Een Amerikaanse verzekeraar moet 1,4 miljard dollar uitkeren aan Merck vanwege de NotPetya-ransomwareaanval. De gerechtelijke uitspraak kan veel gevolgen hebben voor verzekeraars wereldwijd, omdat Ace Insurance zich erop beriep dat NotPetya een oorlogsdaad was.
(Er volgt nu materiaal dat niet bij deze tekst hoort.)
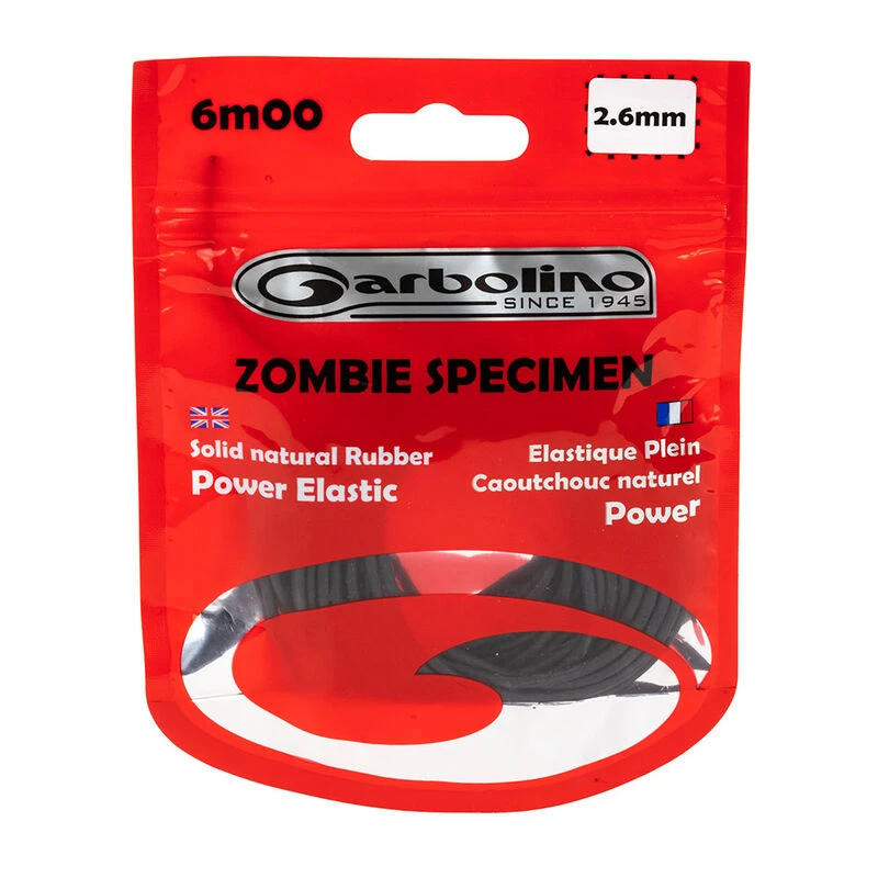 Elastique plein Garbolino de gros diamètre pour la pêche des carpes, des esturgeons et des silures. Les élastiques Zombie Spécimen sont réalisés en gomme Power afin de contrer les rushs des poissons les plus combatifs. Bobine de 6m Caoutchouc naturel Elastique plein Power

Met de uitspraak wordt een langslepende rechtszaak tussen Ace American Insurance en Merck, dat in de rest van de wereld opereert als Merck, Sharpe and Dohme of MSD, beslecht. Het internationale farmaceutische en chemiebedrijf Merck werd in juni 2017 getroffen door de ransomware NotPetya, samen met tientallen andere bedrijven en overheidsinstellingen. NotPetya wordt door beveiligingsexperts toegeschreven aan de Russische militaire inlichtingendienst GROe, die de ransomware wilde inzetten als sabotagedaad in het toenmalige conflict in Oekraïne, waar Rusland op papier nog niet bij betrokken was. Merck was geen primair doelwit, maar werd desondanks via boekhoudprogramma MEdoc getroffen door de ransomware. Het bedrijf leed uiteindelijk ruim honderden miljoenen dollar schade door die aanval nadat 10.000 machines werden geïnfecteerd.
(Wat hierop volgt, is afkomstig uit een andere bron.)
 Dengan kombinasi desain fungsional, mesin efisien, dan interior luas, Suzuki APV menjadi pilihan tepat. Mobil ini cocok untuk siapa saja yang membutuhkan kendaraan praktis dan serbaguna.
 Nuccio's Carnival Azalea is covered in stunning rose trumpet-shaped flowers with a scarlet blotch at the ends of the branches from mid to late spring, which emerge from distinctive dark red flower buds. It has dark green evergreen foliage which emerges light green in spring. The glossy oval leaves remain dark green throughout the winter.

Merck klopte aan bij acht verzekeraars waar het bedrijf een polis had, waaronder Ace American Insurance. Het bedrijf had bij de verschillende verzekeraars polissen lopen waarmee tot 1,75 miljard dollar zou worden uitgekeerd na een eigen risico van 150 miljoen dollar. De verzekeraars weigerden echter om 700 miljoen dollar daarvan uit te keren, met als reden dat NotPetya een oorlogsdaad zou zijn. Daarvoor waren uitzonderingen opgenomen in de polis.
Merck stapte daarop naar de rechter. Dat werd een langlopende strijd, die Merck in januari 2022 leek te winnen. Toen bepaalde een rechter uit New Jersey dat de verschillende verzekeraars 1,4 miljard dollar aan totale schade moesten vergoeden aan Merck. De verzekeraars gingen in hoger beroep, maar hebben nu bakzeil gehaald bij het gerechtshof.
Niet gelinkt aan militaire actie
De rechter in het hoger beroep zegt dat NotPetya 'niet voldoende gelinkt kan worden aan een militaire actie, omdat het een niet-militaire cyberaanval tegen een boekhoudsoftwareprovider was'. Daarmee hebben de verzekeraars niet genoeg bewezen dat de aanval onder de uitzonderingsclausule voor oorlogssituaties viel. De rechter vindt dat die uitzonderingsclausule alleen van toepassing is als er militaire actie bij betrokken is. Hoewel de Verenigde Staten over het algemeen aannemen dat NotPetya een Russische militaire operatie was, ziet het leger het niet als een officiële militaire oorlogsdaad.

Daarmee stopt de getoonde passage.